Rick Carver, homme d’affaires à la fois impitoyable et charismatique, fait fortune dans la saisie de biens immobiliers. Lorsqu’il met à la porte Dennis Nash, père célibataire vivant avec sa mère et son fils, il lui propose de travailler pour lui. Pour pouvoir récupérer sa maison, Nash obéit aux ordres de Carver.
Michael Shannon rend le film vivant, grâce à un rôle très contradictoire : il incarne un prédateur sans aucune pitié.
Andrew Garfield livre sa meilleure performance dans un rôle plus réaliste qu'auparavant, il fait bien ressentir les émotions de son personnage qui s'est fait (facilement) manipuler.
C'est souvent difficiles de regarder un film qui traite de la crise du logement mais dans 99 homes l'histoire est vif, percutante et frappe directement au cœur, avec de la tension tout au long du film, on se retrouve avec Carver et Nash qui sont comme deux opposés a travailler côte-à-côte.
Les scènes qui montrent les expulsion révèlent une triste réalité de l'humanité, les banque/agents immobiliers profitent de la crise financière pour expulser les gens par n'importe quel moyen. Les gens ne deviennent que de simples pions servant à enrichir d'avantage ces personnes/groupes qui ne font que profiter du système.
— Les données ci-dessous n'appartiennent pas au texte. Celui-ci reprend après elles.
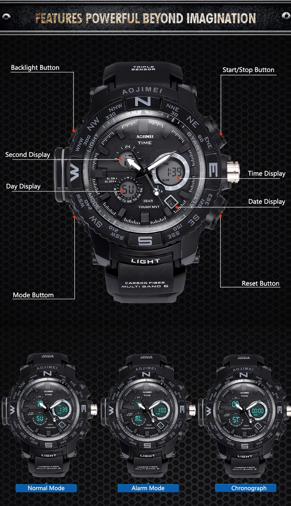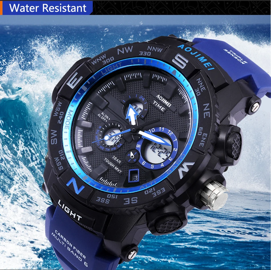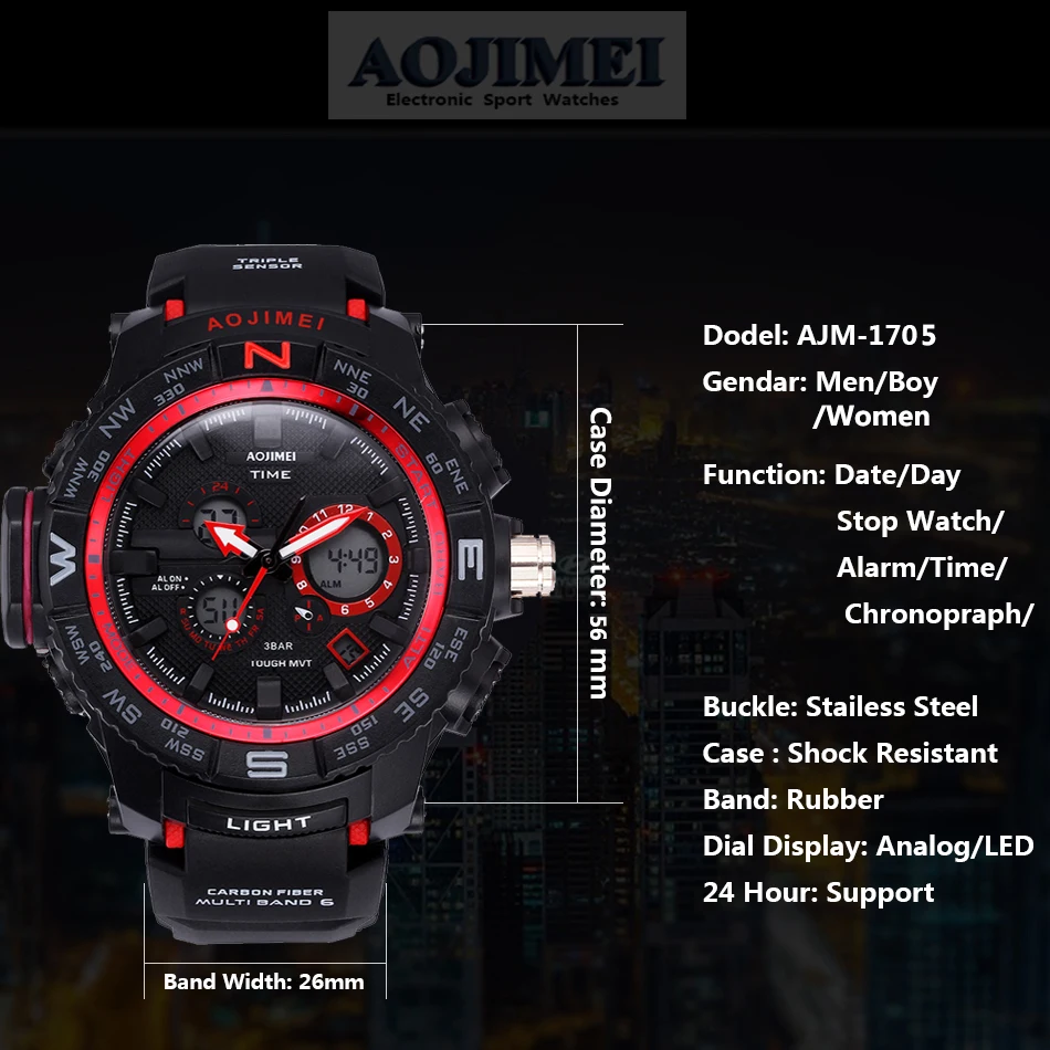 Feature:Water Resistant,LED display,Luminous,Multiple Time Zone,Stop Watch,Back Light,Complete Calendar,Shock Resistant,Chronograph,Luminous Hands,Auto Date,Anti-magnetic,Alarm

Le personnage incarné par Michael Shannon se doit de faire son travail, qui n'a rien de plaisant. Il se retrouve à devoir faire ce qui lui a été fait : expulser des personnes de leur domicile. La décision semble difficile mais Carver trouvera un plus grand intérêt en faisant des choses qu'il ne devrait peut-être pas faire…
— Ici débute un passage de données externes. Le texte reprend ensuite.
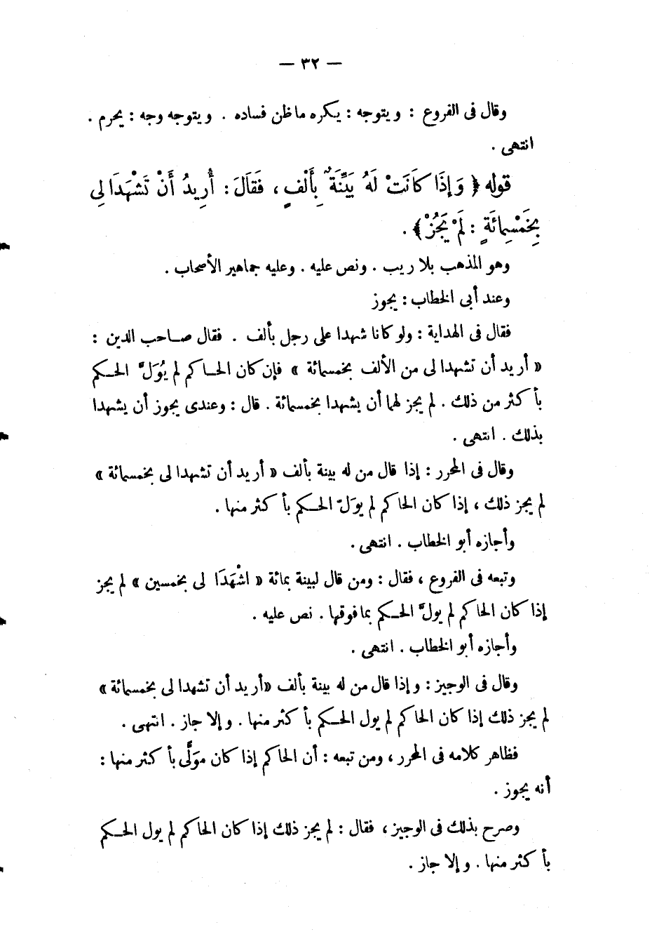 قَوْلُهُ (وَإِذَا كَانَتْ لَهُ بَيِّنَةٌ بِأَلْفٍ، فَقَالَ: أُرِيدُ أَنْ تَشْهَدَا لِي بِخَمْسِمِائَةٍ: لَمْ يَجُزْ) ، وَهُوَ الْمَذْهَبُ بِلَا رَيْبٍ، وَنَصَّ عَلَيْهِ، وَعَلَيْهِ جَمَاهِيرُ الْأَصْحَابِ، وَعِنْدَ أَبِي الْخَطَّابِ: يَجُوزُ فَقَالَ فِي الْهِدَايَةِ: وَلَوْ كَانَا شَهِدَا عَلَى رَجُلٍ بِأَلْفٍ، فَقَالَ صَاحِبُ الدَّيْنِ: " أُرِيدُ أَنْ تَشْهَدَا لِي مِنْ الْأَلْفِ بِخَمْسِمِائَةٍ " فَإِنْ كَانَ الْحَاكِمُ لَمْ يُوَلَّ الْحُكْمَ بِأَكْثَرَ مِنْ ذَلِكَ، لَمْ يَجُزْ لَهُمَا أَنْ يَشْهَدَا بِخَمْسِمِائَةٍ، قَالَ: وَعِنْدِي يَجُوزُ أَنْ يَشْهَدَا بِذَلِكَ. انْتَهَى. وَقَالَ فِي الْمُحَرَّرِ: إذَا قَالَ مَنْ لَهُ بَيِّنَةٌ بِأَلْفٍ " أُرِيدُ أَنْ تَشْهَدَا لِي بِخَمْسِمِائَةٍ " لَمْ يَجُزْ ذَلِكَ، إذَا كَانَ الْحَاكِمُ لَمْ يُوَلَّ الْحُكْمُ بِأَكْثَرَ مِنْهَا، وَأَجَازَهُ أَبُو الْخَطَّابِ. انْتَهَى. وَتَبِعَهُ فِي الْفُرُوعِ، فَقَالَ: وَمَنْ قَالَ لِبَيِّنَةٍ بِمِائَةٍ " اشْهَدَا لِي بِخَمْسِينَ " لَمْ يَجُزْ إذَا كَانَ الْحَاكِمُ لَمْ يُوَلَّ الْحُكْمَ بِمَا فَوْقَهَا، نَصَّ عَلَيْهِ، وَأَجَازَهُ أَبُو الْخَطَّابِ. انْتَهَى. وَقَالَ فِي الْوَجِيزِ: وَإِذَا قَالَ مَنْ لَهُ بَيِّنَةٌ بِأَلْفٍ " أُرِيدُ أَنْ تَشْهَدَا لِي بِخَمْسِمِائَةٍ " لَمْ يَجُزْ ذَلِكَ إذَا كَانَ الْحَاكِمُ لَمْ يُوَلَّ الْحُكْمَ بِأَكْثَرَ مِنْهَا، وَإِلَّا جَازَ. انْتَهَى.

On s'attarde pas assez sur les citoyens américains qui profitent du prêt de la banque mais qui deviennent assez vite irresponsables et se font expulser comme des victimes. Un sujet gâché car chaque citoyens aurait pu prévoir un plan B avant l’expulsion.
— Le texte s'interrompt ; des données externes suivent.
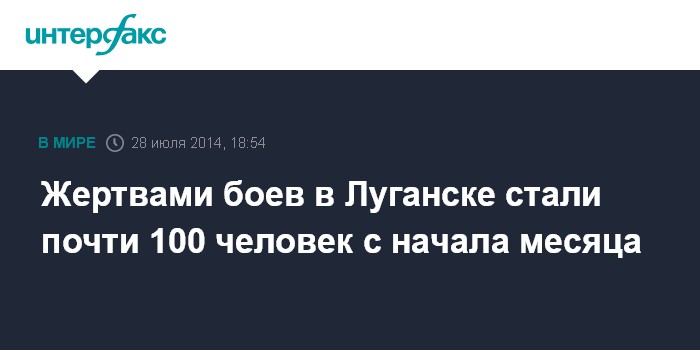 Москва. 28 июля. INTERFAX.RU - В Луганске с начала июля в результате боевых действий погибли 93 мирных жителя, в том числе один ребенок. Ранения получили 407 человек, сообщает Луганский горсовет.

Comme un petit air de déjà vu ou de combinaison de plusieurs films (assez) récents comme The Big Short, qui s'attardait sur la prévision que certains fous avaient fait autour de la crise mondiale économique de 2008.
Le réalisateur Ramin Bahrani semble avoir fait un travail de recherche assez pointilleux sur son sujet, il réussit à reprendre l'essence du problème tout en essayant d'avertir le public dans ses futurs choix.
À la fois divertissant et moralisant, le film se laisse regarder sans aucun problème grâce à la superbe prestation d'un Michael Shannon froid et impitoyable dans un drame qui dénonce une triste réalité sur la face cachée de l'immobilier.